Наш первый совместный отпуск начался 4 сентября 1909 г., мы провели его в Риве. Кафка, мой брат Отто и я немало часов провели на маленьком пляже, под дорогой Понале, на курорте Мадоннина. Когда я вернулся в Риву после войны, я больше не увидел ни чудесных зеленых садов, ни ящериц, бегавших по песчаным дорожкам, которые вели от забитой автомобилями пыльной дороги к веявшим прохладой минеральным источникам. Незабвенное скромное курортное место за величавыми отвесными скалами! Я посвятил ему столько стихотворений! Мы были гостями в этом тихом южном местечке. Никогда юг не казался нам таким привлекательным. Кафка позднее снова посетил Риву, но тогда он уже жил там один. Это было в 1913 г., после первой большой неудачи в любви. Тогда он поселился в Гартунгенском санатории на другом берегу озера.

В 1909 г. мы отдыхали очень хорошо. И даже встречи и дискуссии с поэтом и певцом природы Далаго, когда он посещал те же купальни, что и мы, не могли нарушить нашего спокойствия. Опыт путешествий моего брата, который был гораздо более сведущ в практических делах, чем я, помог нам выбраться из многих трудных ситуаций. Мой брат, можно сказать, «открыл» для нас Риву за год до описываемых событий, а в тот год нашел легчайший путь для того, чтобы мы могли отдохнуть как можно интересней. На одной фотографии Франц стоит под колоннами замка Тоблино, на другой он сидит вместе с моим братом на мраморной плите возле берега озера.

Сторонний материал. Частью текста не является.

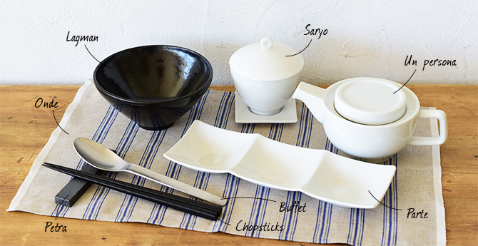 CAST:オンド ランチョンM/ラグマン ボールM/茶寮 煎茶/アンペルソナ ポット/パルテ 3品皿/ペトラ カトラリーレスト/箸 黒檀/ビュフェ スプーンL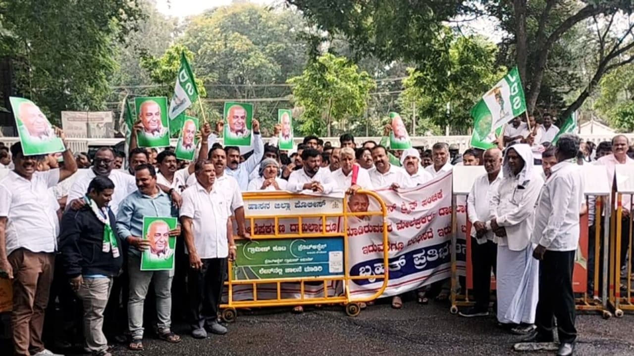 ಅಶ್ಲೀಲ ದೃಶ್ಯವುಳ್ಳ ಪೆನ್ಡ್ರೈವ್ ಹಂಚಿದ ಆರೋಪಿಗಳನ್ನು ಇನ್ನೂ ಬಂಧನ ಮಾಡಡಿಲ್ಲ ಎಂದು ಆರೋಪಿಸಿ ಜೆಡಿಎಸ್ ಪಕ್ಷದಿಂದ ಹಾಸನದಲ್ಲಿ ಪ್ರತಿಭಟನೆ ನಡೆಸಲಾಯಿತು. ಬಳಿಕ ಜೆಡಿಎಸ್ ನಾಯಕರು ಜಿಲ್ಲಾಡಳಿತಕ್ಕೆ ಮನವಿ ಸಲ್ಲಿಸಿದರು.

В идиллию курорта Мадоннины ворвалась газетная статья – мы, конечно, тогда ничего не читали, кроме некоторых итальянских газет, выходящих в Риве, – о первых полетах над Брешией. Мы до этого никогда не видели самолетов и решили, несмотря на скудные средства, поехать в Брешию. Кафка был восприимчивее других к новому, и это доказывает, как не правы те, кто считает, что он жил в башне из слоновой кости и был погружен в мир фантазий, и полагает, будто он занимался лишь религиозными размышлениями. Кафка был совершенно другим, интересовался всем новым, в том числе современными техническими новшествами. Например, вначале он горячо увлекался кинематографом. Он никогда горделиво не замыкался в себе – даже в случае грубых нападок сторонников современных течений он терпеливо пытался найти им объяснение с неиссякаемой любознательностью, продолжая верить в здравый человеческий рассудок. Никогда в самолюбивой обособленности он не отвергал внешнего, земного, организованного мира. Его отталкивало грязное, аморальное – оно просто не интересовало его. У него был удивительный дар считать это скучным. Например, мне так и не удалось убедить его прочитать больше одной или двух строк из Казановы, которого я оценивал гораздо выше, чем он того заслуживал, и считал, что его следует читать.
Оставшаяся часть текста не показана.